The market capitalization of Ethereum, the largest cryptocurrency after only Bitcoin, is currently in the vicinity of $46 billion with its price hovering around $470 per coin. Two months ago, though, things were not looking that good for the bulls. On September 14th, ETHUSD was closer to $270, wandering in no man’s land between the all-time high of $412 and the July low at $136. Without the help of a trustworthy analytical method, Ethereum’s next direction would have been anybody’s guess. Fortunately, the Elliott Wave Principle helped us identify a pattern on the chart below, which then became the subject of an article, called “Ethereum’s Elliott Wave Pattern Points North”.
The pattern in question was the famous 5-3 Elliott Wave cycle. A five-wave impulse between $136 and $395, followed by a three-wave correction, which it turned out, was still not over. Nevertheless, the retracement was not supposed to erase the entire progress achieve by the impulsive pattern, so as long as ETHUSD was trading above $136, the odds were going to remain in favor of the bulls.
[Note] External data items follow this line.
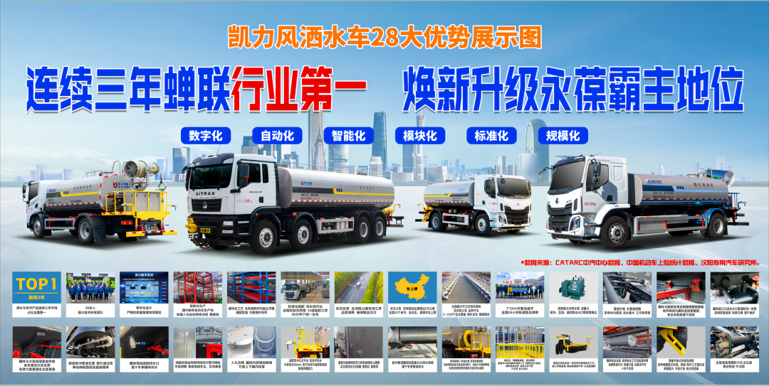凯力风福田H2抑尘车是湖北凯力专用汽车有限公司自主研发设计,性能达世界领先水平。标配:万向前冲、后洒、侧喷、后置式工作平台、平台上有高压水炮(可 360°旋转,可调成柱状最大射程 35 米,也可调成雾状最大射程 15米,(可调成:直冲状、大雨、中雨、小雨、毛毛雨)。
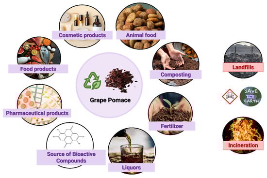 Several applications have already been developed for the recovery of waste and by-products from the winery industry (Figure 8), but, in general, they are not economically viable, as they require substantial amounts of resources and energy for their correct management. The most used disposal methods for grape pomace are landfilling, incineration and composting. In addition to these, a small percentage is used in distillation processes, to produce liquors, fertilizers or animal feed. Several industries also try to produce pasta and flour from this by-product. However, there are drawbacks to the current solutions since grape pomace contains anti-nutritive and antimicrobial compounds that can negatively affect plant cultures and the digestion process of animals [21,24,32,69]. One could think of incinerating or disposing these residues in the soil; however, the phenolic compounds give the bagasse an acidic pH that makes the soil more resistant to biological degradation. Furthermore, improper disposal leads to the contamination of groundwater and surface water [69]. Thus, there are still challenges, both economic and environmental, to achieve a circular economy within the wine industry [69].
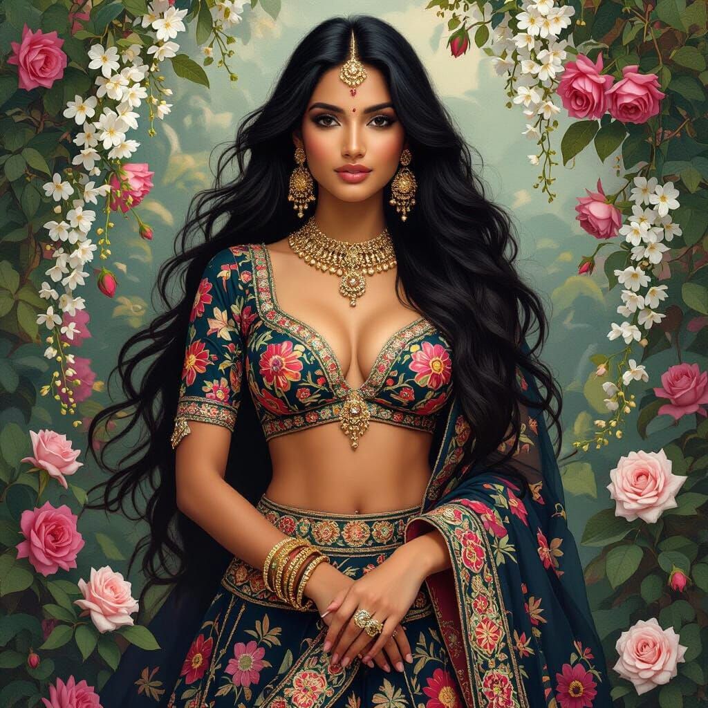 A striking picture of a beautiful Indian woman with long flowing black hair, wearing traditional attire and surrounded by flowers. The image has a classical Indian painting style.
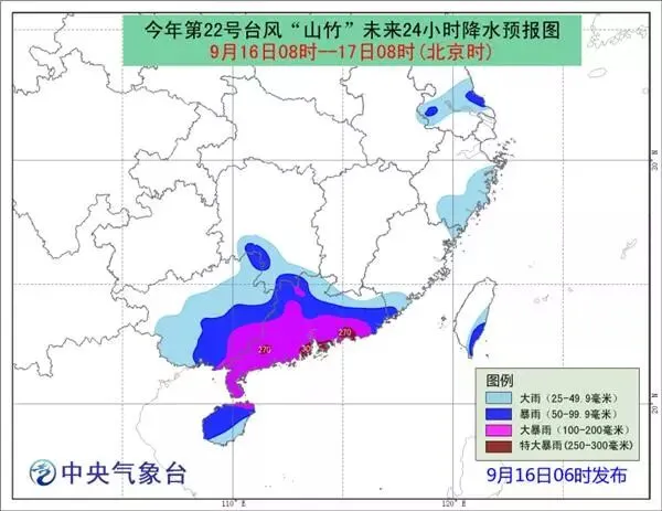 降水预报:16日08时至17日08时,广东、香港、澳门、福建东南部、广西大部、海南岛及台湾岛东南部等地有大到暴雨,其中,广东中南部、香港、澳门、广西东南部及海南岛东北部等地的部分地区有大暴雨,局地有特大暴雨。
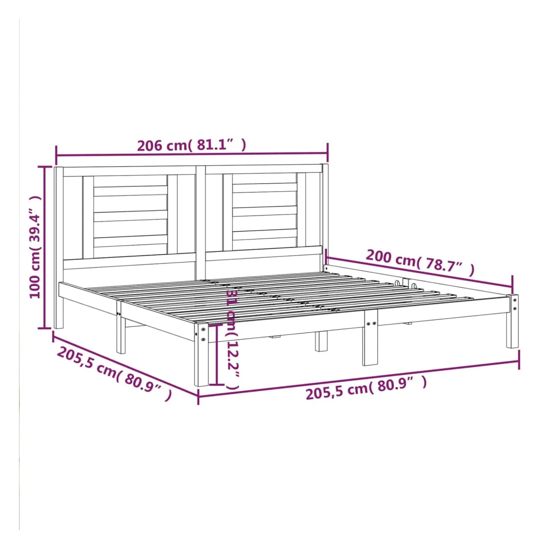 - Dimensions du cadre du lit : 205,5 x 205,5 x 31 cm (L x l x H)

The positive outlook was also supported by a bullish divergence revealed by the RSI indicator. This chart was all we needed to come to the conclusion that “Ethereum looks ready for another attempt to exceed its previous all-time high at $412.” Two and a half months later now, here is how things went.
As already mentioned, the price did not reverse to the north right away. It fell to as low as $198 first. What is important is that the invalidation level at $136 was never put to a test, so all crypto traders had to do was stay calm and wait for the bulls to do their job. Five days ago, on November 23rd, ETHUSD reached a new all-time high of $418 and moved on to touch $492 yesterday.
It has been a good and profitable run. The problem is that no trend lasts forever. Blindly relying on Ethereum‘s to continue is a dangerous game to play. As visible, the count has changed, because as time passed, a bigger pattern emerged on the chart. What we though was a 5-3 cycle, now fits into the position of waves B and C of a large triangle. Triangles precede the final wave of the larger sequence. In that case, it does not matter much whether the triangle should be labeled as a B-wave or a fourth wave. What matters is that the current rally is supposed to be the last wave of the larger pattern, which means that once it is over, a major bearish reversal should be expected.
Assuming the rise from the end of wave E of the triangle is going to evolve into a five-wave impulse, we see that the bulls still have all chances of reaching the $500 mark. After that, though, caution would be required.